The precursor of Daesh
In his chilling fatwa, Khomeini justified his “final solution”: “All those imprisoned throughout the country who persist in their hypocrisy are condemned to death because they are at war with God. With regard to those who have declared their enmity with regard to God.”
The Iranian Daesh had just been born and will have emulators who will swarm in the Middle East.
Several of my friends, including Hossein Aghilisabeth and Houchang Mazandarani, who still carried the sequels of their tortures, perished in the massacre. They were serving prison sentences and awaiting their release. But they were one day taken out of their cells and sent to the gallows.
For my part, I escaped this murderous frenzy because I had been released before 1988. Arrested again in 1993, I could only escape in 2005. This time I decided to flee secretly from the country and continue my commitment to regime change in Iran.

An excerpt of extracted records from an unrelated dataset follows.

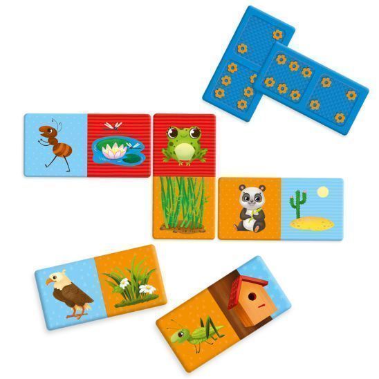 Детское домино «ГДЕ ЧЕЙ ДОМИК?» расширяет кругозор и знакомит ребёнка с окружающим миром, развивает его память, внимание, быстроту реакции, пространственное и логическое мышление. Также во время игры малыш учится сравнивать и сопоставлять предметы. ПРАВИЛА Первый вариант игры Цель игры - найти домик для каждого животного. На каждой фишке дано изображение, которому нужно подобрать пару. Подсказкой послужит цвет фона. Раздайте фишки всем игрокам и выкладывайте их по очереди. Второй вариант игры Используйте сторону фишек, где нарисованы цветочки. Принцип игры - как в классическом домино. Игра заканчивается, когда один из игроков сбросил все фишки. Можно объявить победителем того, кто первым закончит игру, или считать очки в ходе игры и в конце подвести итоги.Характеристики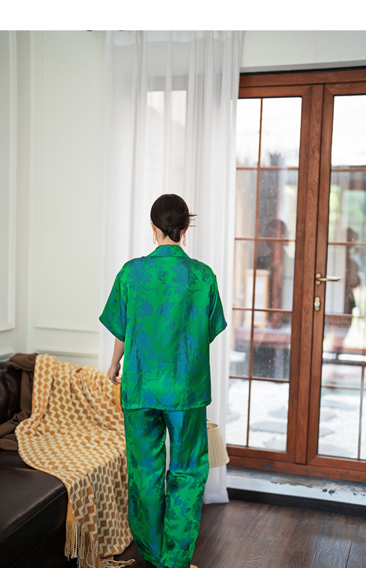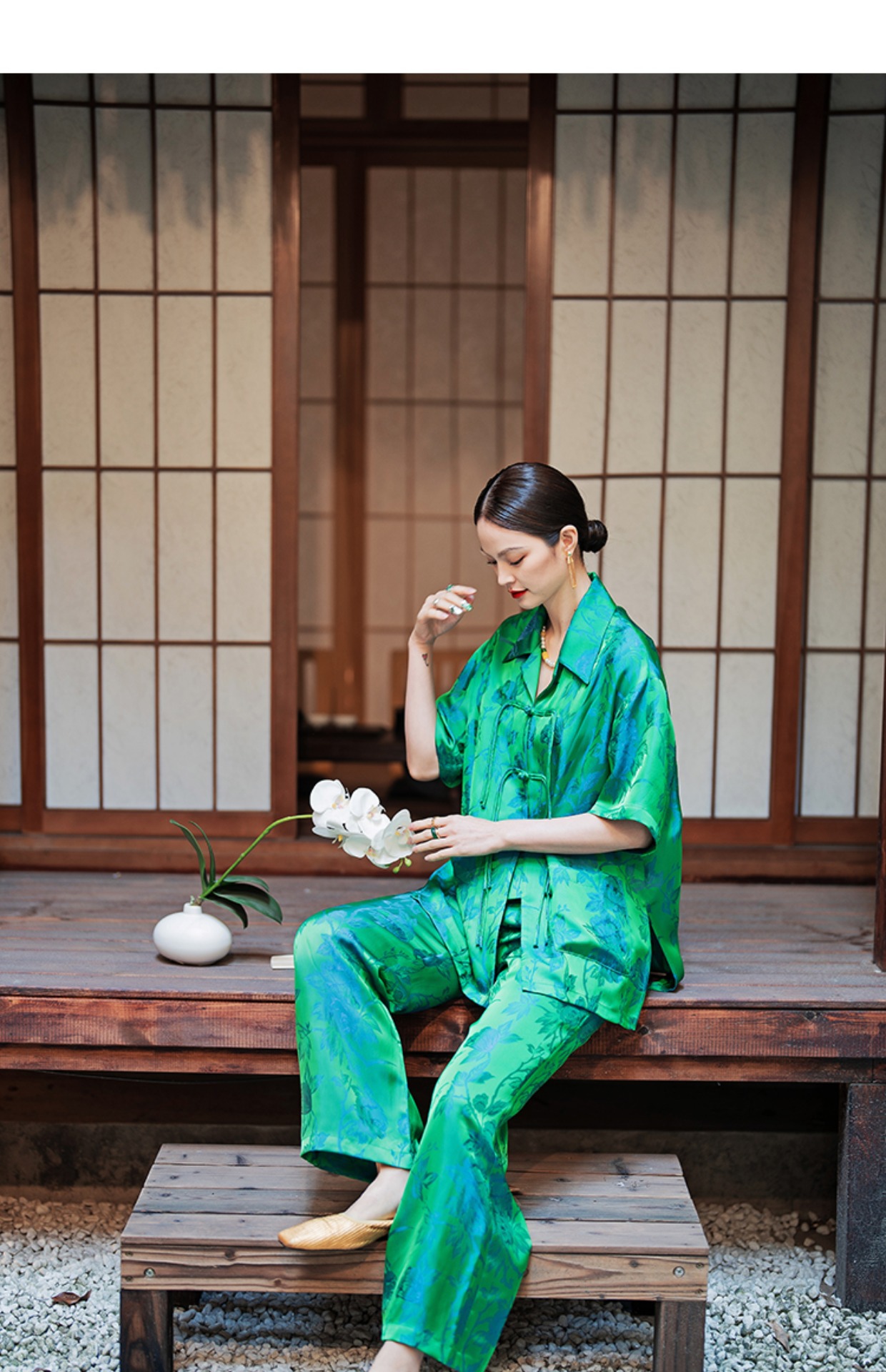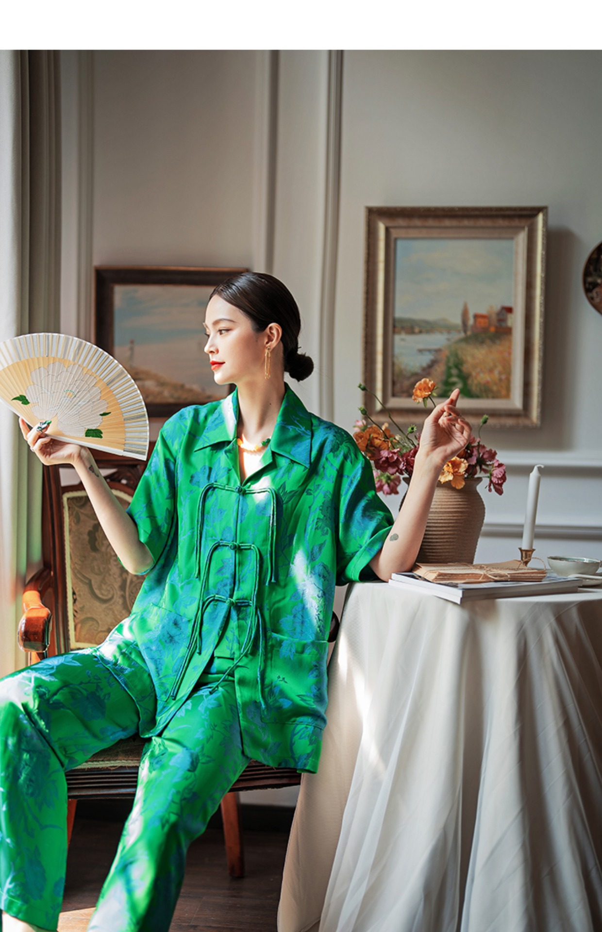 Autumn Luxury Satin Women Green Print Pajamas Set Half Sleeve Shirt Loose Pants Sleepwear Suit Ladies Office 2 Piece Sets Outfit
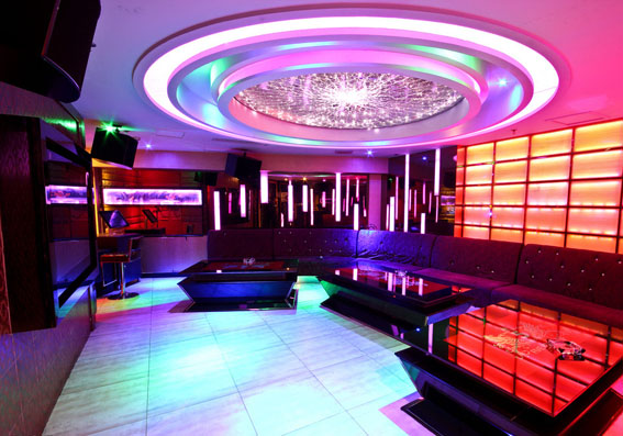 普通建議采用簡潔處置,在處置好吊頂骨架的強度的狀況下,特別是處置好音箱吊掛位的強度,并要作好記號,頂部采用石膏板,周圍采用石膏成型模塊,周遍采用輕巧的木制幾何構造襯底就可以了。這樣可以配合隱藏的三基顏色燈,相成光折射組合。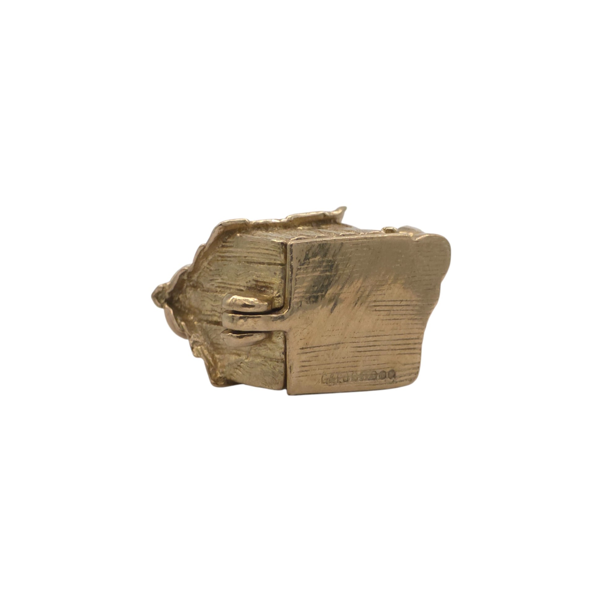 Heavy 9ct 375 Yellow Gold Dog In Kennel Opening Charm 1967 L 1.7 cm 6.0 g.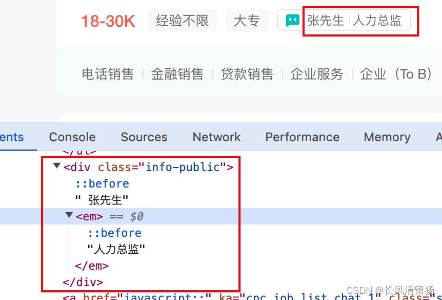 像这样的情况,招聘人和招聘人岗位都在<div>标签下,但是招聘人岗位在<div>标签下的<em>标签中,如果直接输出<div>标签中的内容的话,结果就是 “张先生人力总监”,但是最终的结果想变成分开的,招聘人是一个字段,招聘人所属岗位是一个字段,操作实现请往下看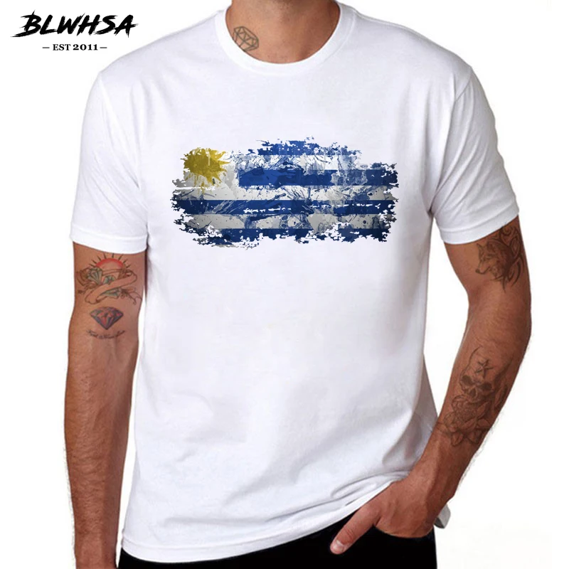 Мужская футболка с принтом BLWHSA, белая футболка с коротким рукавом, круглым вырезом, лето флаг Уругвай г., флаг Уругвай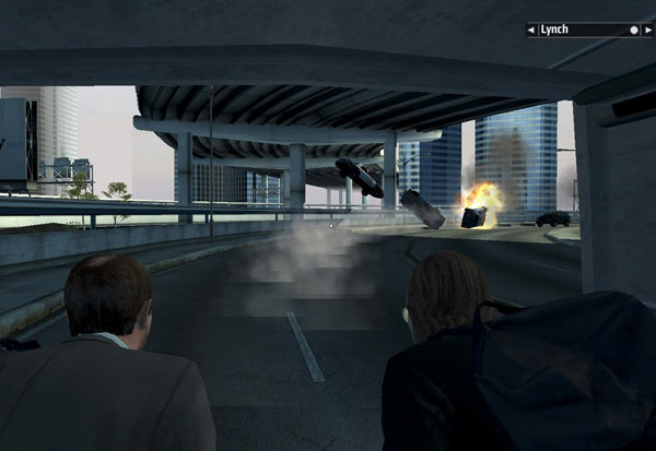 The game itself is an over-the-shoulder shooting spree as you navigate Kane through areas of cover and increasingly ridiculous scenarios. The7 has kidnapped your wife and daughter, and to get them back you rob a bank, escape by murdering half the police force in the western United States, fly (!) to Tokyo, fly (!!) back to the US, kill some more people, fly (!!!) back to Tokyo, and fly (!!?!) back to the US and other locales, as if there is no such thing as a no-fly list in the year two thousand and goddamn seven.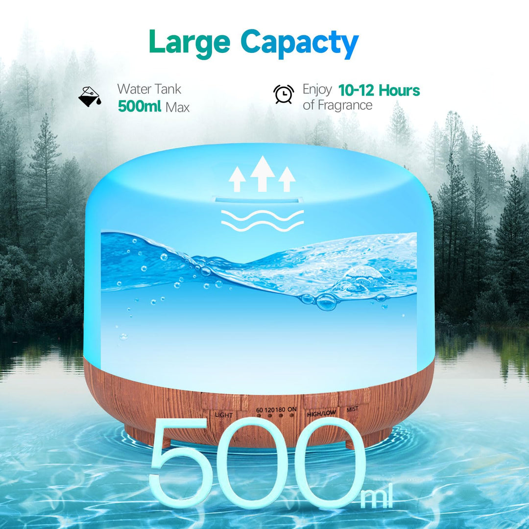 - 500ml Diffuser, Included 6x10mL oilsOur essential oil diffuser come with top-fill design allow easier filling and cleaning, just open the lid, 6 bottles of pure essential oils are packaged in the aromatherapy diffuser.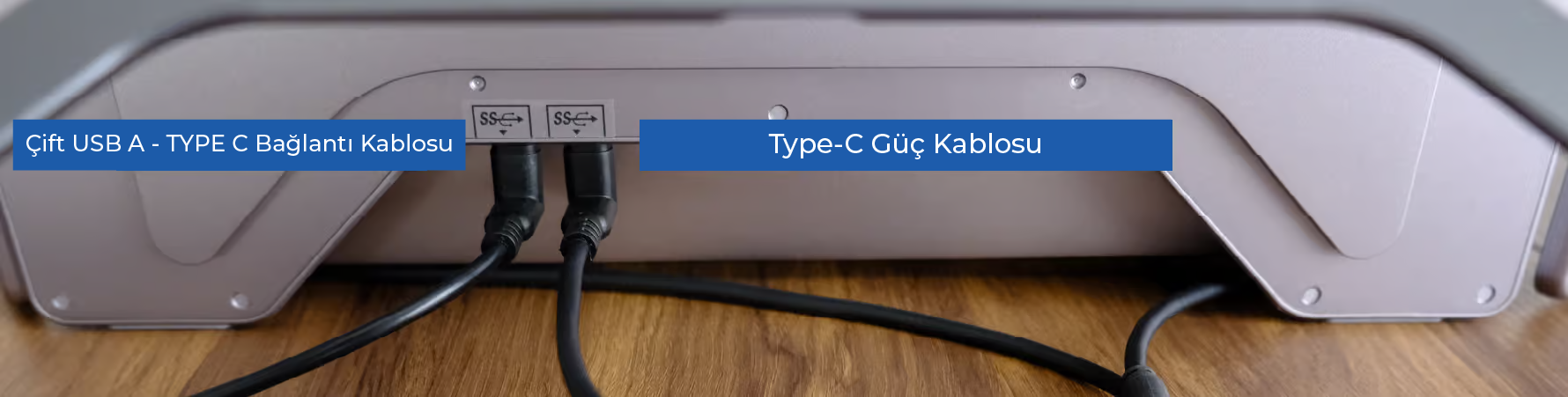 Bilgisayarınızda USB-A girişleri varsa resimde gösterilen çift USB-A uçlu kablonun bir ucunu güç, diğer ucunu görüntü aktarımı için bilgisayarınıza bağlayabilirsiniz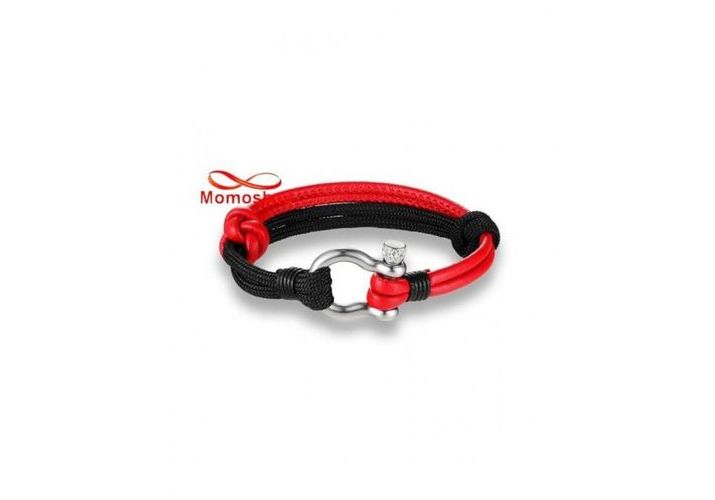 Bracelet Marine Cuir Et Fil Parachute Avec Fermoir En Acier Inoxydable Argenté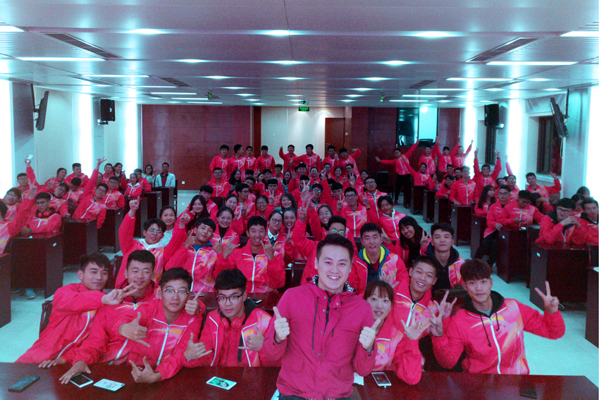 奥运冠军陆春龙与新生们合影

Having benefited from the right of asylum in France, a country of human rights, I promised myself to be the voice of my cellmates who remain in Iranian jails. Ali Moezi, Saeed Massouri, Saeed Chaghaleh, Gholam Kalbi, Afchine Ba’imani and Arjang Davoudi have been in prison for more than fifteen years for their sympathy for the opposition. We were tortured to give up our love of freedom and the ideal of a democratic and secular Iran.
But rapes in isolation cells, “cages” where crouching detainees squatted for months and methods of systematic dehumanization, could not break the force of conviction of thousands of activists who remained faithful to their noble convictions.
Through my testimony I hope to awaken the consciences too complacent to the mullahs, both ambassadors and European officials manipulated by the regime, and political decision makers and Western investors who covet business with Tehran. We must remind them of the abject nature of a religious regime destined to disappear and the responsibility of the democrats not to sell human values on the altar of petty economic interests.